The honest synthesis is that this is not a value setup and not an obvious bubble. The inversion centers near the price, the durability requirement is moderate, and the disagreement among methods is the information: pay the forward multiple only if you believe the brand portfolio compounds through the tariff cost shock. The reported-versus-record operating-income gap and the heavy stock-based compensation are the two reasons to discount the rosier free-cash-flow reads. The premium is for the moat holding, and the moat is precisely what the cost structure is testing.
Catalysts
The fiscal 2026 fourth-quarter print on May 20 was the most recent catalyst and a mixed one. Sales rose about 35 percent to $449 million and adjusted EPS of $0.32 beat the $0.29 consensus, but the company posted a GAAP loss and, more importantly, set fiscal 2027 guidance below the Street: adjusted EPS of $3.27 to $3.32 against a $3.62 estimate and revenue of $1.835 billion to $1.865 billion against roughly $1.866 billion expected. The next earnings report is the test of whether the tariff mitigation is tracking and whether Rhode's deceleration to about a 9 percentage-point contribution holds or worsens.
The dominant catalyst is the tariff and sourcing situation. With about 75 percent of volume made in China and a 55 percent import tariff in force, e.l.f. is working with suppliers to shift production to other countries and expects China to account for significantly less of output by the end of fiscal 2026. Progress on that relocation, and the decision to walk back some of last year's price increases amid a consumer pullback, are the swing variables for the margin trajectory. Watch also for Rhode's continued retail expansion after record launches with Sephora in the U.K. and Mecca in Australia and New Zealand, and for further analyst repositioning after B. Riley cut its target to $70 from $130 and the average target fell about 17 percent in three months.
Sources: StockTitan ELF Q4 FY2026, CNBC tariff price walk-back, Yahoo Finance Rhode performance, QuiverQuant tariff cost pressure.
Peer Cohorts (Per Segment, With Filing Citations)
e.l.f. Beauty (consolidated) (reported)
- COTY (COTY INC.)
- (no filing in the citation store)
- IPAR (INTERPARFUMS, INC.)
- (no filing in the citation store)
- OLPX (OLAPLEX HOLDINGS, INC.)
- (no filing in the citation store)
- EL (Estee Lauder Companies Inc)
- (no filing in the citation store)
- KVUE (Kenvue Inc.)
- (no filing in the citation store)
- CHD (CHURCH & DWIGHT CO., INC.)
- (no filing in the citation store)
Methodology Note
- Priced-in inversion: the valuation is inverted on the current price to recover the operating-income growth, duration, and steady-state margin the price embeds (ROE for financials, FFO growth for REITs).
- Valuation x-ray: the valuation models, grouped into four families (asset, earnings, relative, growth). Each model is expressed as a price/FV ratio (distance from price), not a point fair-value estimate. The spread across families is the disagreement.

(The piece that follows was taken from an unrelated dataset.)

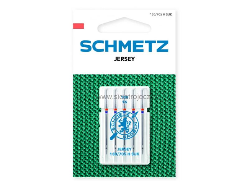 Univesální jehly SCHMETZ - 130/705H-SUK, 5ks síla 100. Jehly s kuličkou mají kulatější hrot, který zabraňuje tečení ok a trhání vláken úpletu, neboť prochází mezi vlákny.Pro lepší orientaci jehel pro domácí šicí stroje jsou jehly SCHMETZ takto označeny- UNIVERSÁL (STANDARD)- bez značek, BALL POINT (kulaté hroty- pro jersey a pleteniny)-bez označení, STRETCH- žlutá barva, JEANS/DENIM- modrá barva, MICROTEX (pro kepr a hedvábí)- fialová barva, EMBRODIERY ( pro vyšívání)- červená barva, QUILTING ( pro patchworks)- zelená barva, SP SUPER STRETCH- oranžová barva.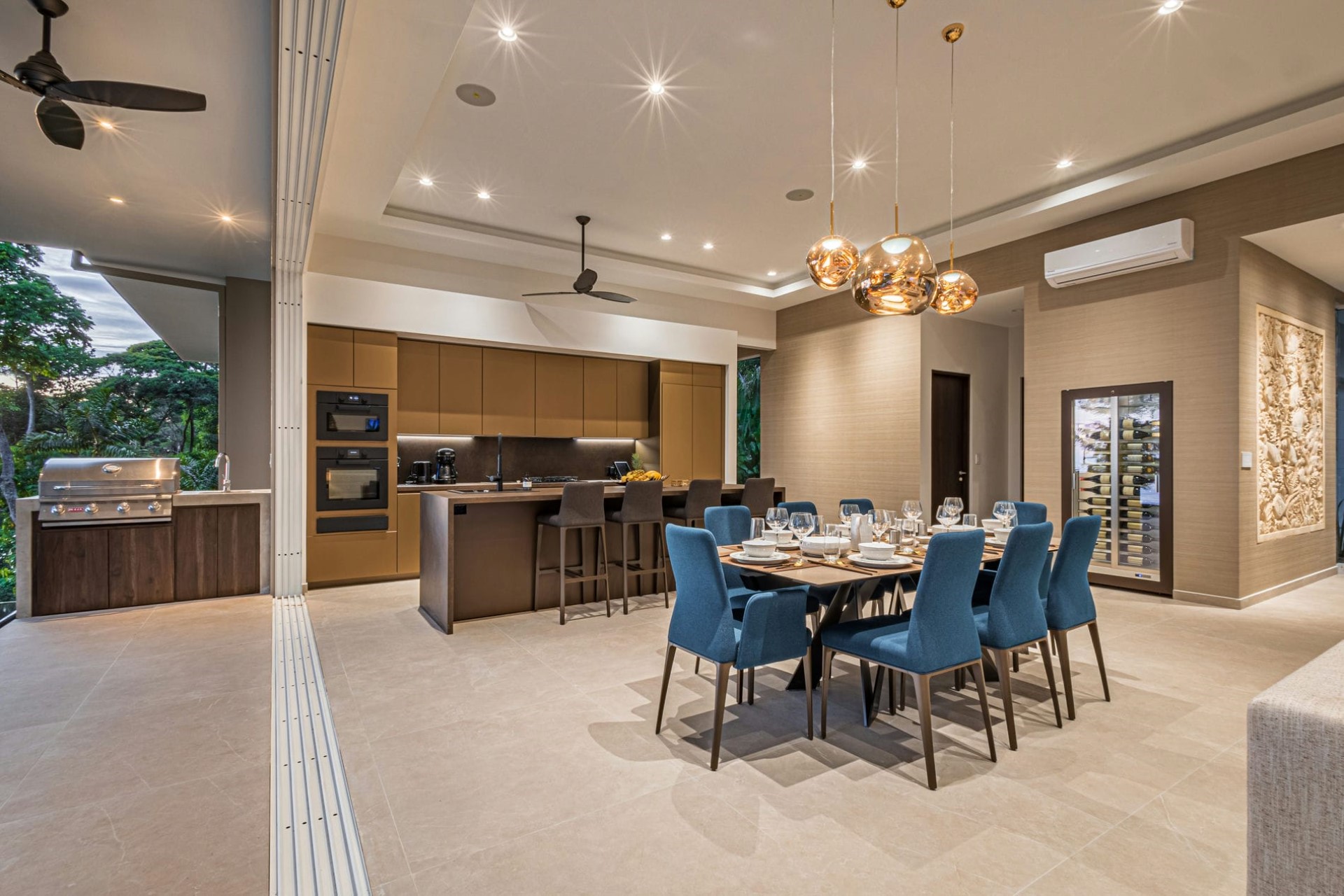 After a day of exploring local beaches or enjoying thrilling encounters with native wildlife, guests can relax in front of a film in the lounge area or enjoy elegant dinner parties at the central dining table, which overlooks the pool, the forest, and the ocean beyond. The fully equipped chef’s kitchen also offers bar seating for more relaxed meals and drinks.

- Solvency: net cash/debt, net-debt-to-NOPAT, interest coverage, and share-count CAGR from EDGAR financials (net debt / FFO and fixed-charge coverage for REITs; regulatory-capital framing for financials).
- Peer cohorts: per-segment comparables with deep-linkable SEC filing citations.
Fundamentals sourced from SEC EDGAR filings. Current price from Databento. The priced-in inversion and valuation x-ray are computed by the boothcheck engine; narrative composed by AI from the structured data.